[What is expected]: Please repeat exactly, and only, the lines from the one containing "2024年9月13日上午,探" through the end of the records below, with no pictures.

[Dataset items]

###

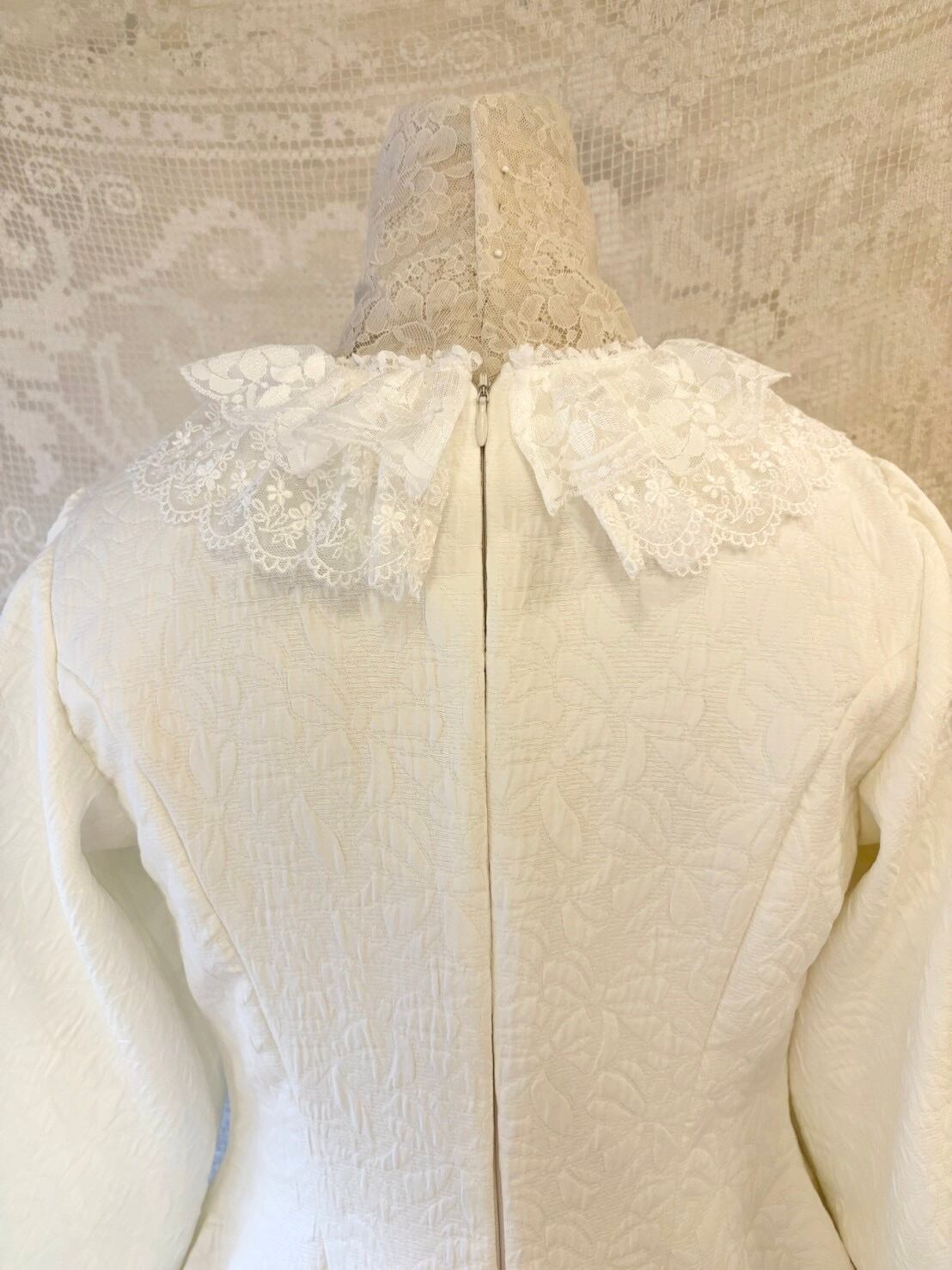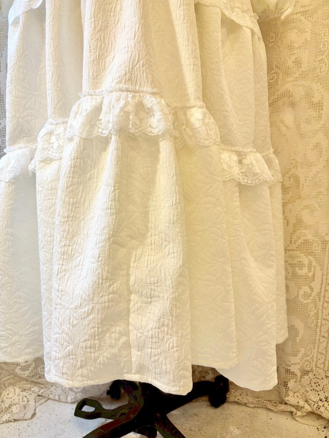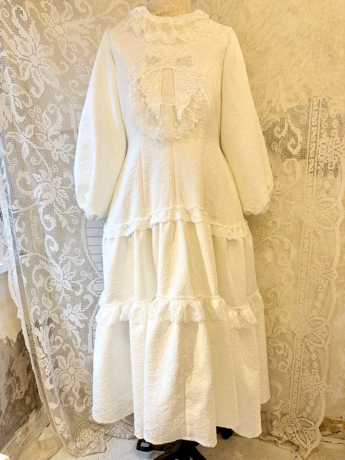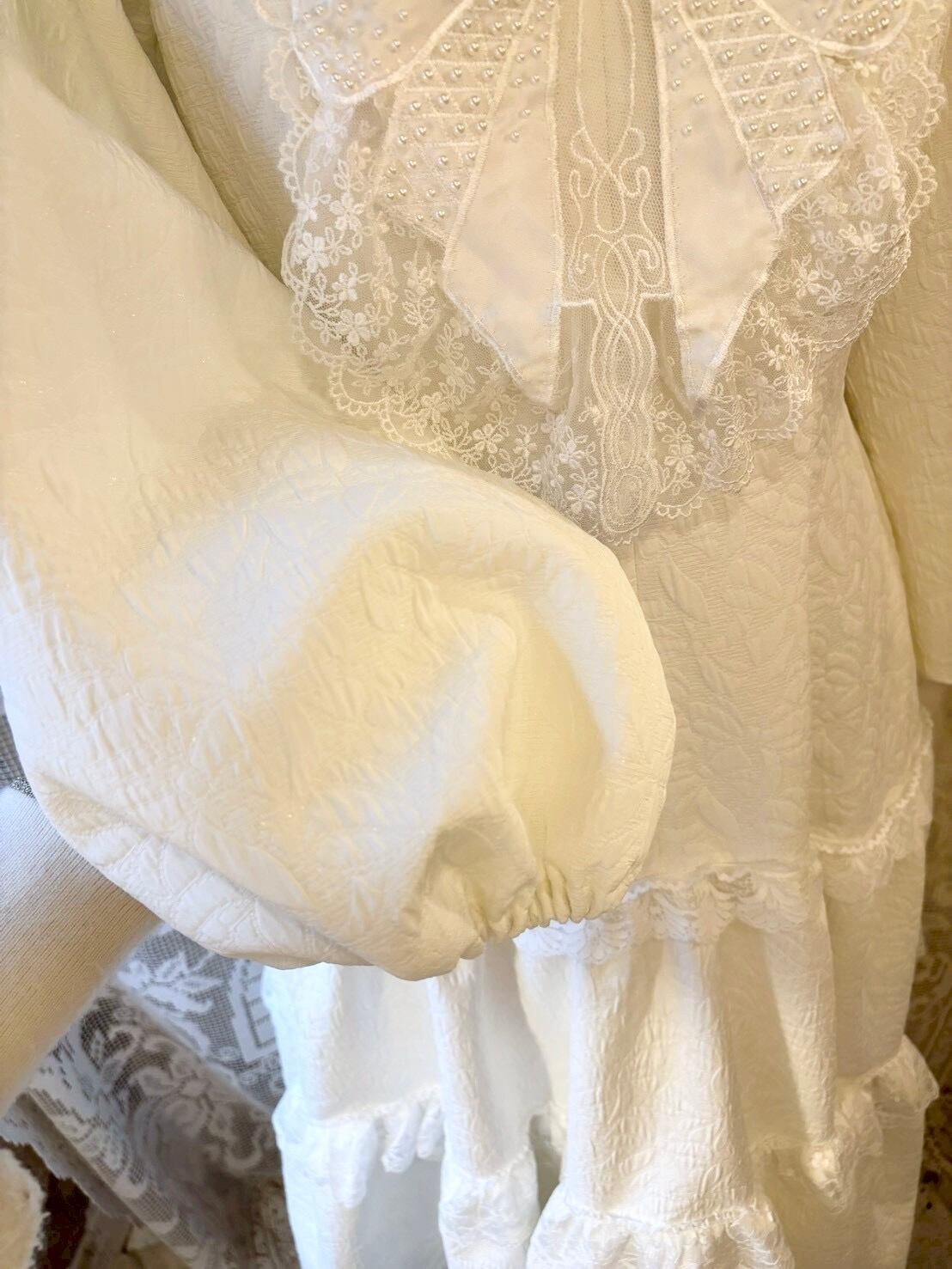 オフホワイトのお花模様のジャガード素材を贅沢に使用して仕立てたスペシャルなドレス˖ ࣪⊹
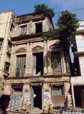 UN Brahmachary, who had invented the kala-azar antidote urea stibamine, lived on Loudon Street and this huge house on Bidhan Sarani used to be his office. Derelict today, the groundfloor of La Jardinette is still a huge bazaar. Shoppers and residents don’t mind the dilapidation. | ![]() |
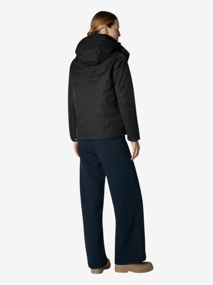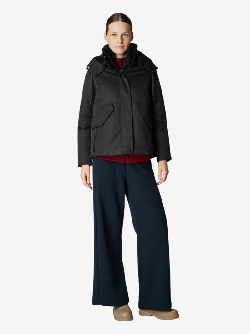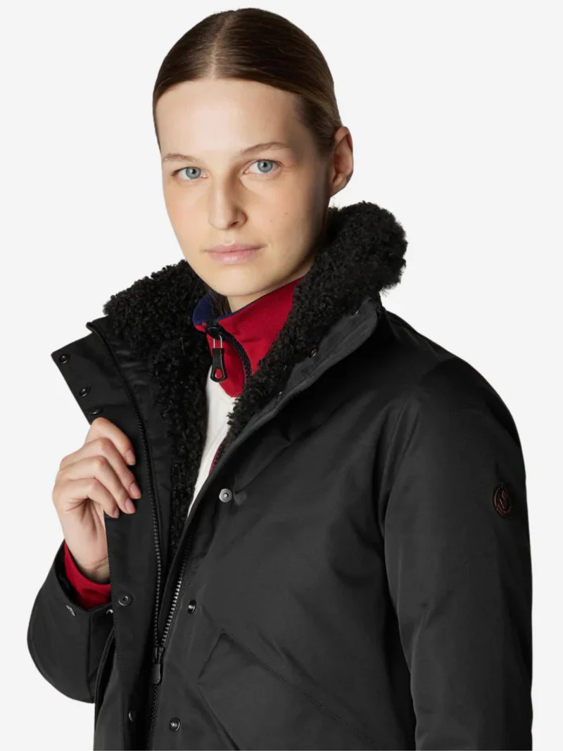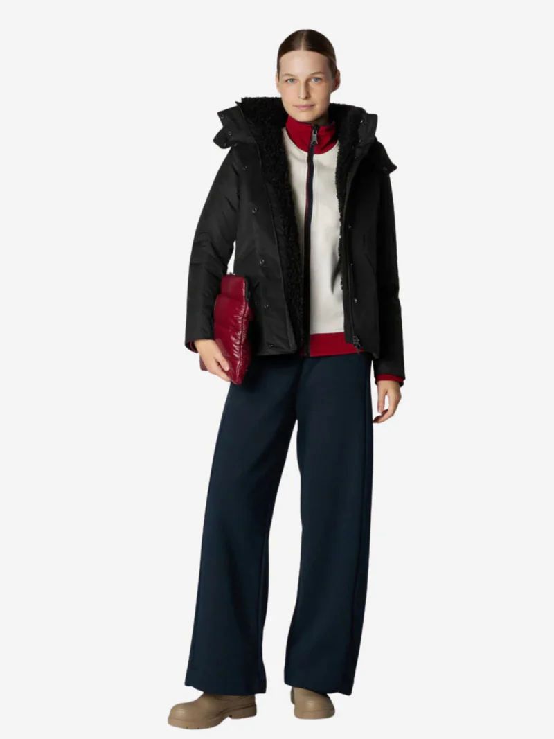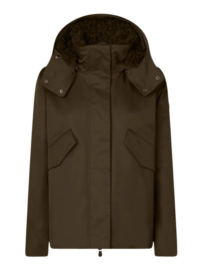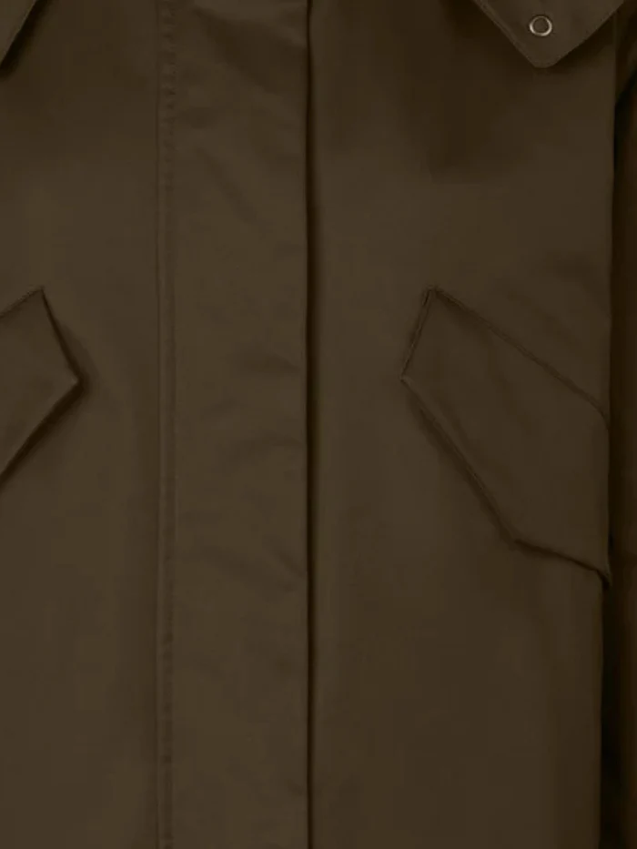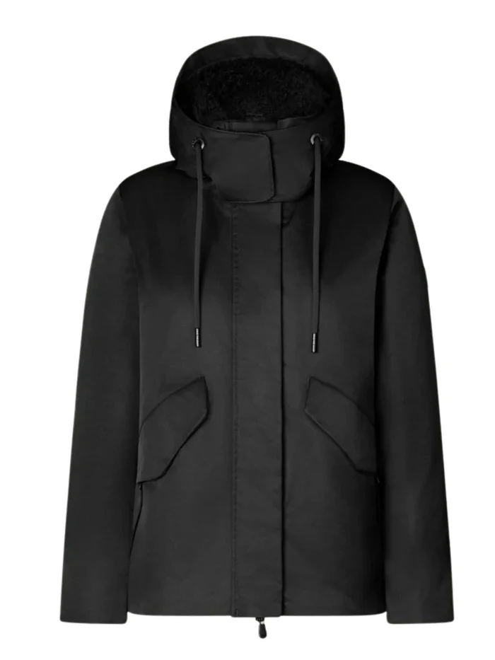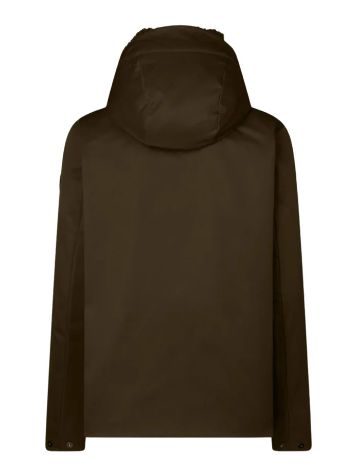 Midweight, non-stretch technical twill jacket Water-repellent and wind-resistant Rubber logo patch on sleeve Drawstring hood with faux sherpa lining Snap-down chin guard Hooded neckline Long sleeves with snap cuffs Snap fly with hidden two-way zipper Multiple exterior pockets
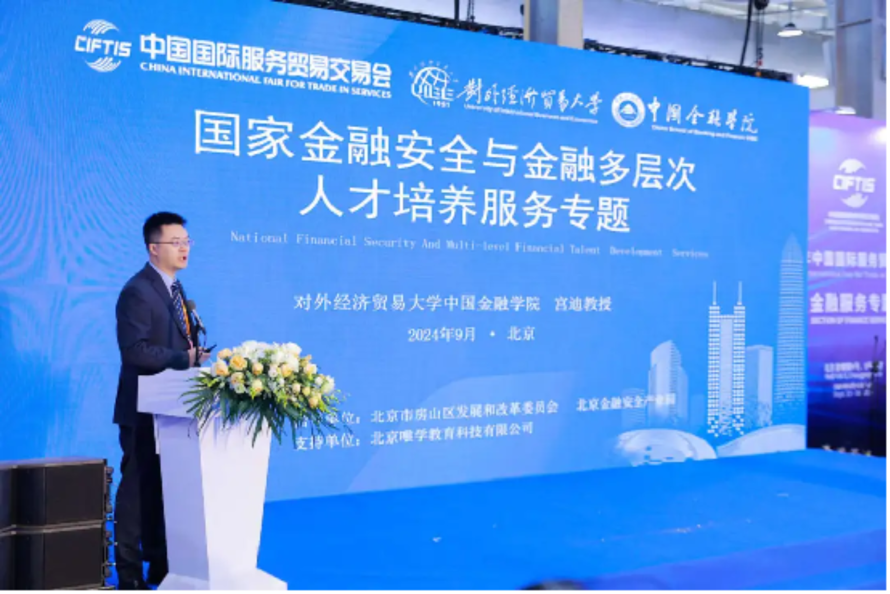 2024年9月13日上午,探花porn 银行管理系主任宫迪教授作为主讲嘉宾出席了2024年中国国际服务贸易交易会,并作国家金融安全与金融多层次人才培养服务专题讲座。
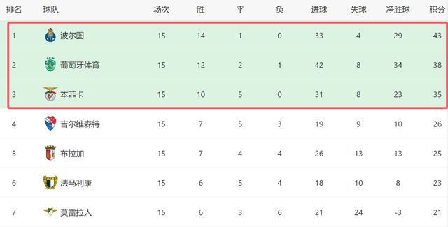 截至目前,本輪葡超的比賽已經(jīng)全部結(jié)束,加上葡萄牙體育,葡超傳統(tǒng)3強(qiáng)都拿到了3分,積分榜上的形勢(shì),也沒有發(fā)生變化。如今波爾圖依然排名第一,他們領(lǐng)先葡萄牙體育5分,而本菲卡則落后榜首8分,目前位居第三。
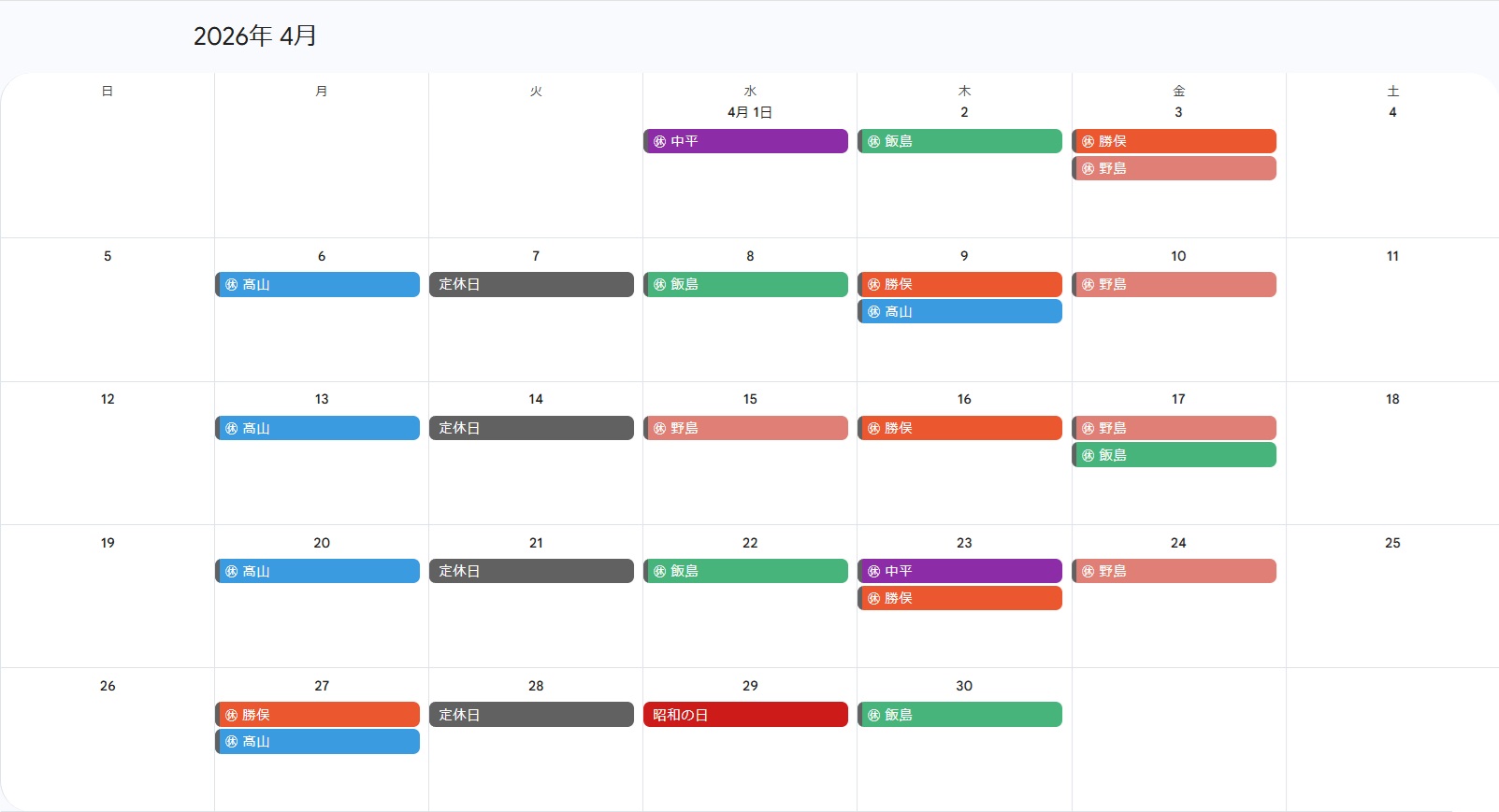 【04月のお休み】
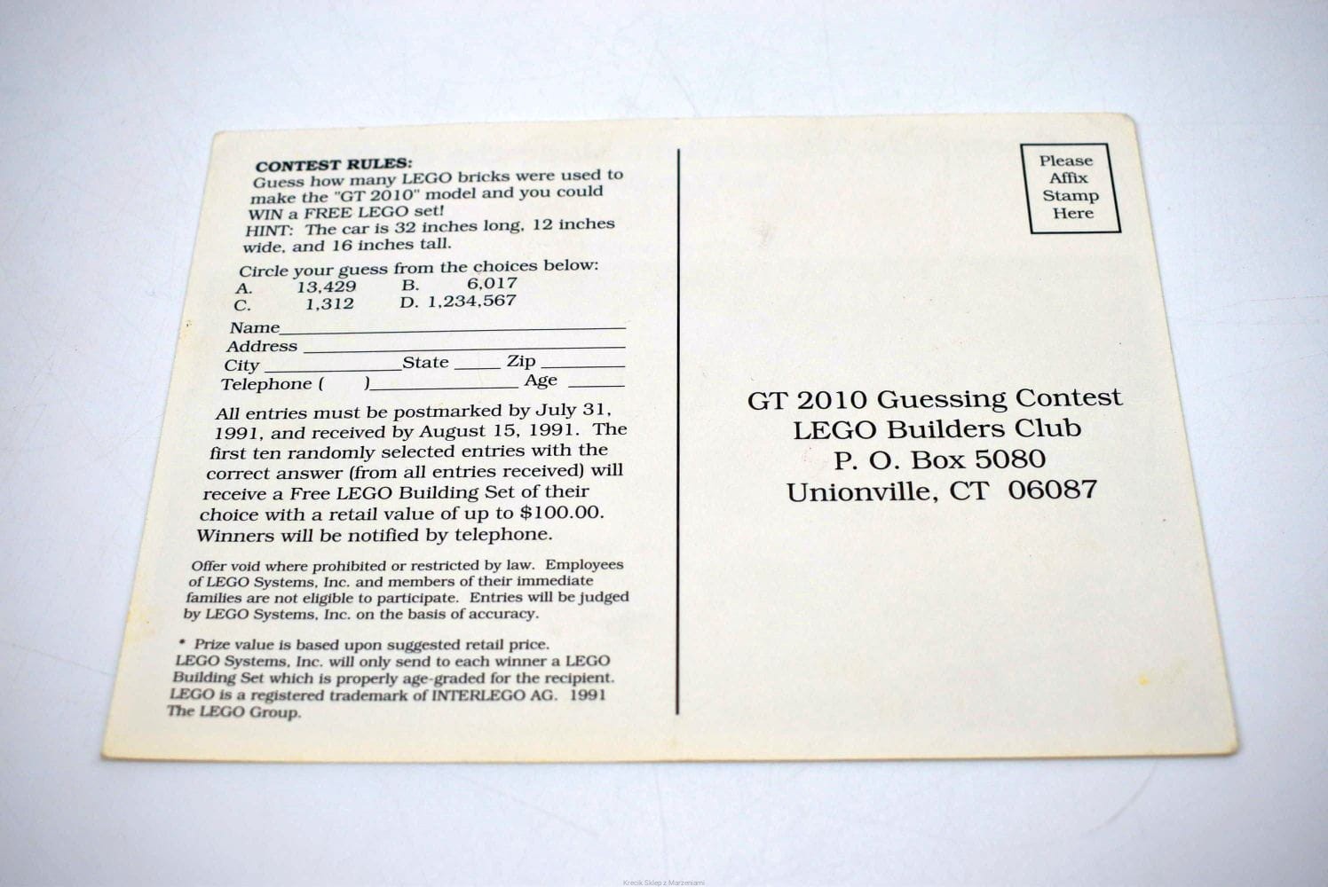 LEGO pocztówka postcard The GT 2010 [1991] A6 [pc91bcc2] - Lego Builders Club UNIKAT

###

[Response to this task]:
 2024年9月13日上午,探花porn 银行管理系主任宫迪教授作为主讲嘉宾出席了2024年中国国际服务贸易交易会,并作国家金融安全与金融多层次人才培养服务专题讲座。
 截至目前,本輪葡超的比賽已經(jīng)全部結(jié)束,加上葡萄牙體育,葡超傳統(tǒng)3強(qiáng)都拿到了3分,積分榜上的形勢(shì),也沒有發(fā)生變化。如今波爾圖依然排名第一,他們領(lǐng)先葡萄牙體育5分,而本菲卡則落后榜首8分,目前位居第三。
 【04月のお休み】
 LEGO pocztówka postcard The GT 2010 [1991] A6 [pc91bcc2] - Lego Builders Club UNIKAT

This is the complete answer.